## Raw data
BEGIN
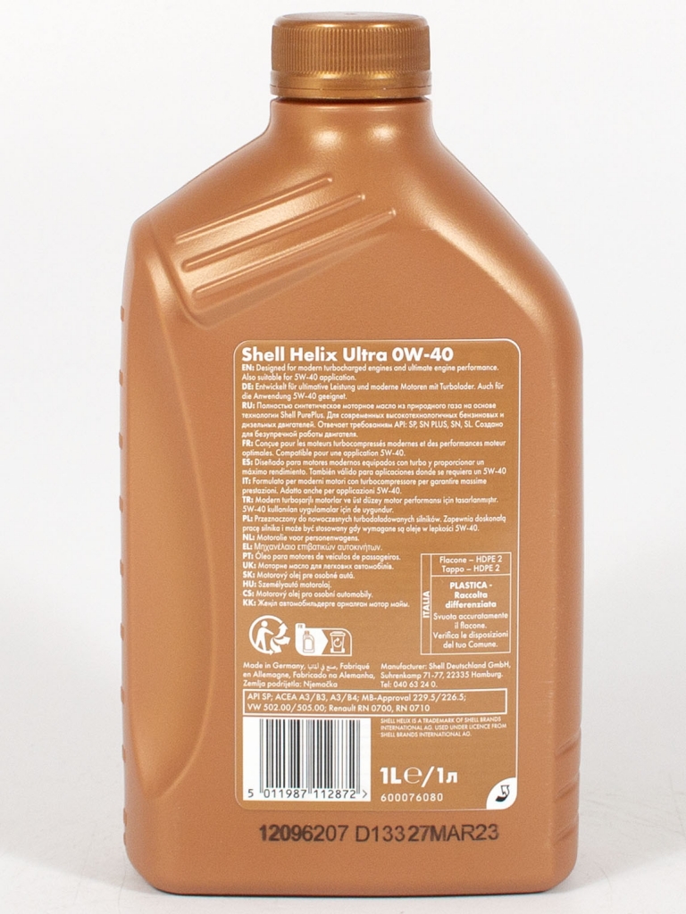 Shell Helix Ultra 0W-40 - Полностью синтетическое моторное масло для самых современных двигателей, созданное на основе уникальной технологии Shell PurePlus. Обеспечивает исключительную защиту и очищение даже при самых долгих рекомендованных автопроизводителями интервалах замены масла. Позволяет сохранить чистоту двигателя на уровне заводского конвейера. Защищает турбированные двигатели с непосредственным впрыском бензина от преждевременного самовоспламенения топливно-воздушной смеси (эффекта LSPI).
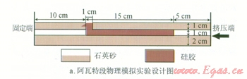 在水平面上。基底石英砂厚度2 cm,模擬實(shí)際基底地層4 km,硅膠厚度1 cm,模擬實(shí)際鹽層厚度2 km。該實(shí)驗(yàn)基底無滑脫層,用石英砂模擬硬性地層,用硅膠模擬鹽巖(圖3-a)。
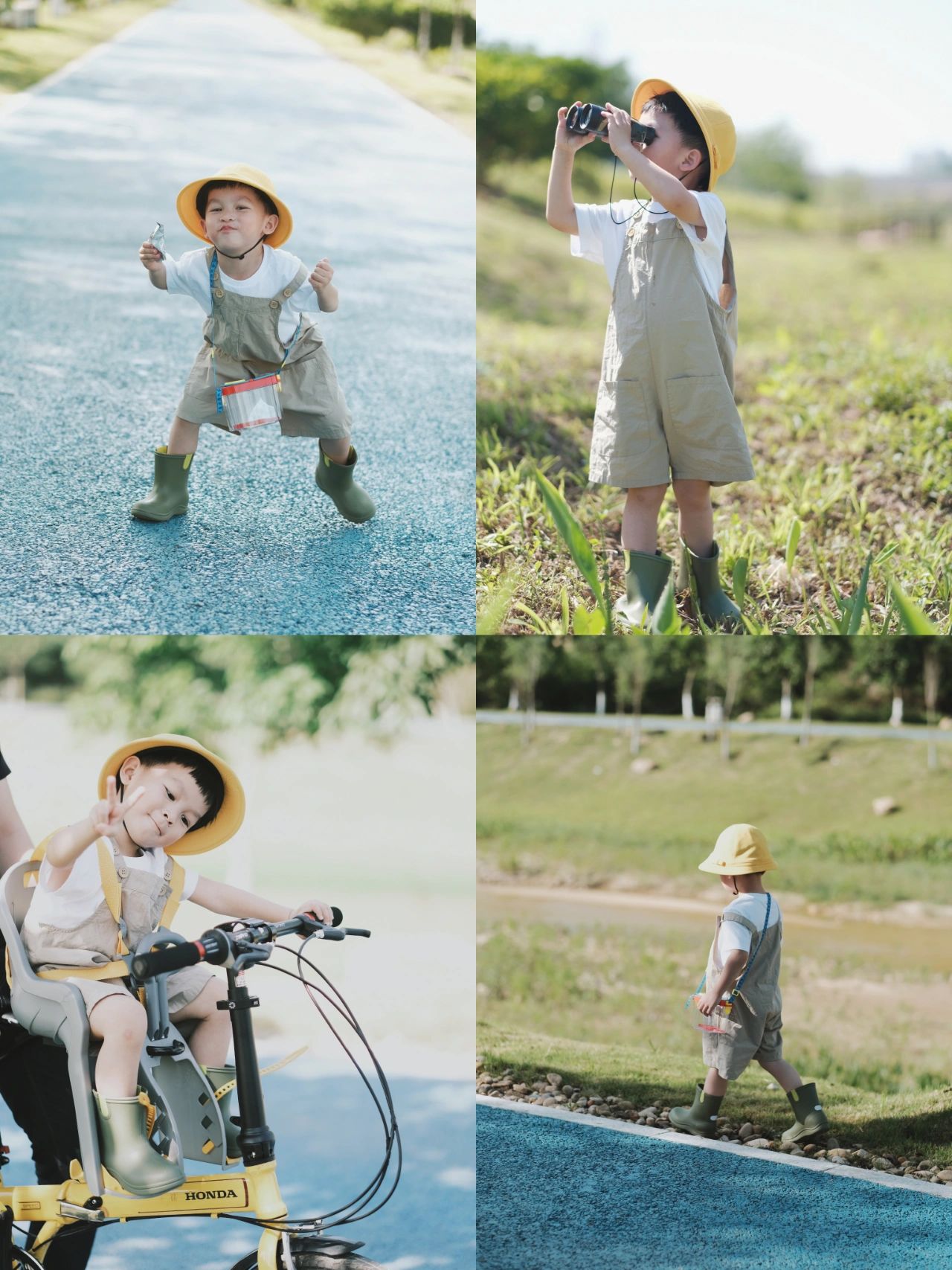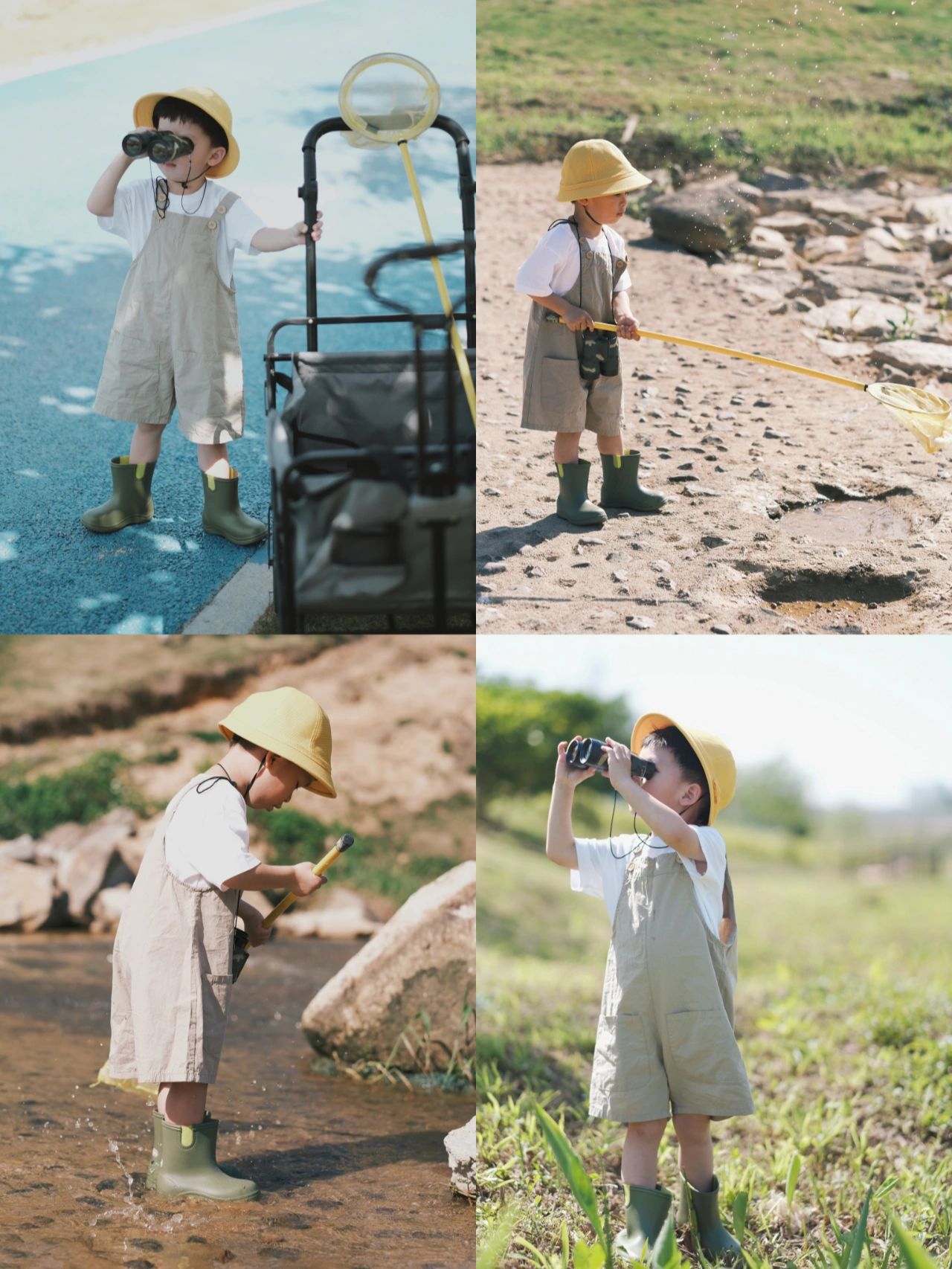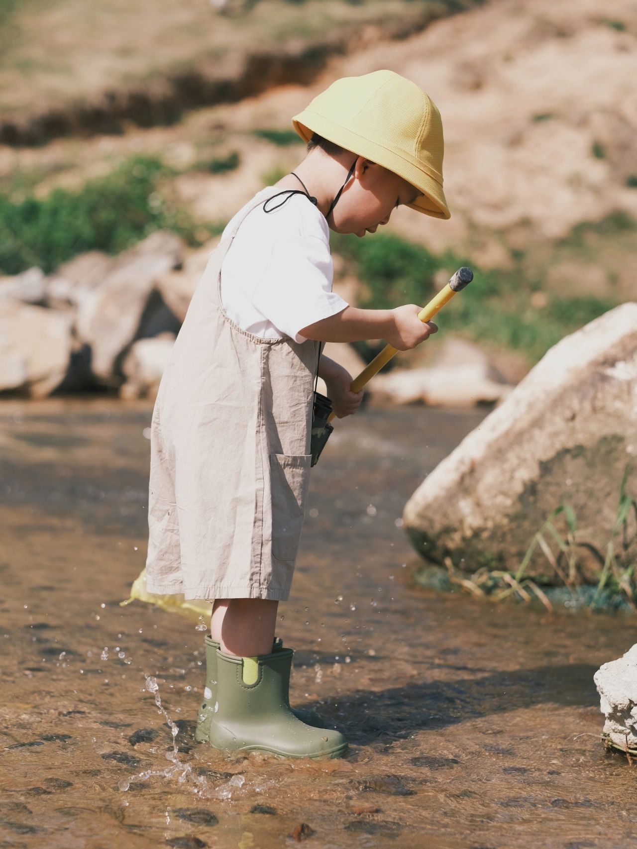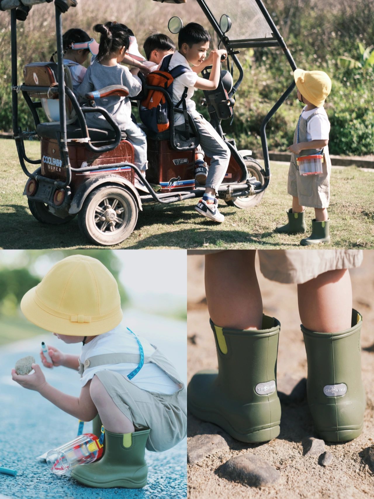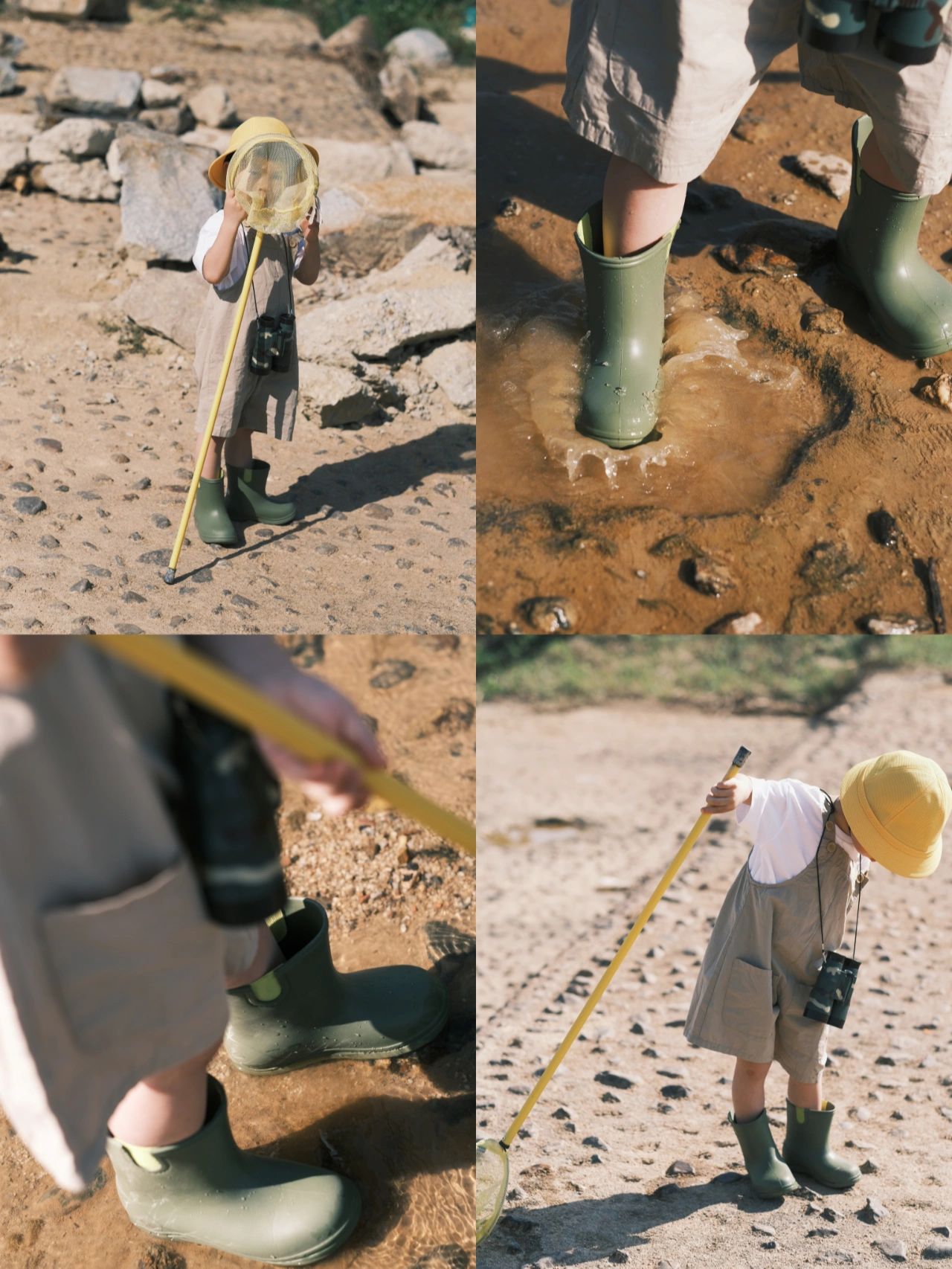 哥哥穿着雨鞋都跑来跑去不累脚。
END
## Exercise
With the line containing "在水平面上。基底石英砂厚度2 cm,模擬實(shí)際基底地層4 km,硅膠厚度1" as the first line and the last line of the listing as the final one, reproduce that span exactly, without pictures.

## Reply to the task
 在水平面上。基底石英砂厚度2 cm,模擬實(shí)際基底地層4 km,硅膠厚度1 cm,模擬實(shí)際鹽層厚度2 km。該實(shí)驗(yàn)基底無滑脫層,用石英砂模擬硬性地層,用硅膠模擬鹽巖(圖3-a)。
 哥哥穿着雨鞋都跑来跑去不累脚。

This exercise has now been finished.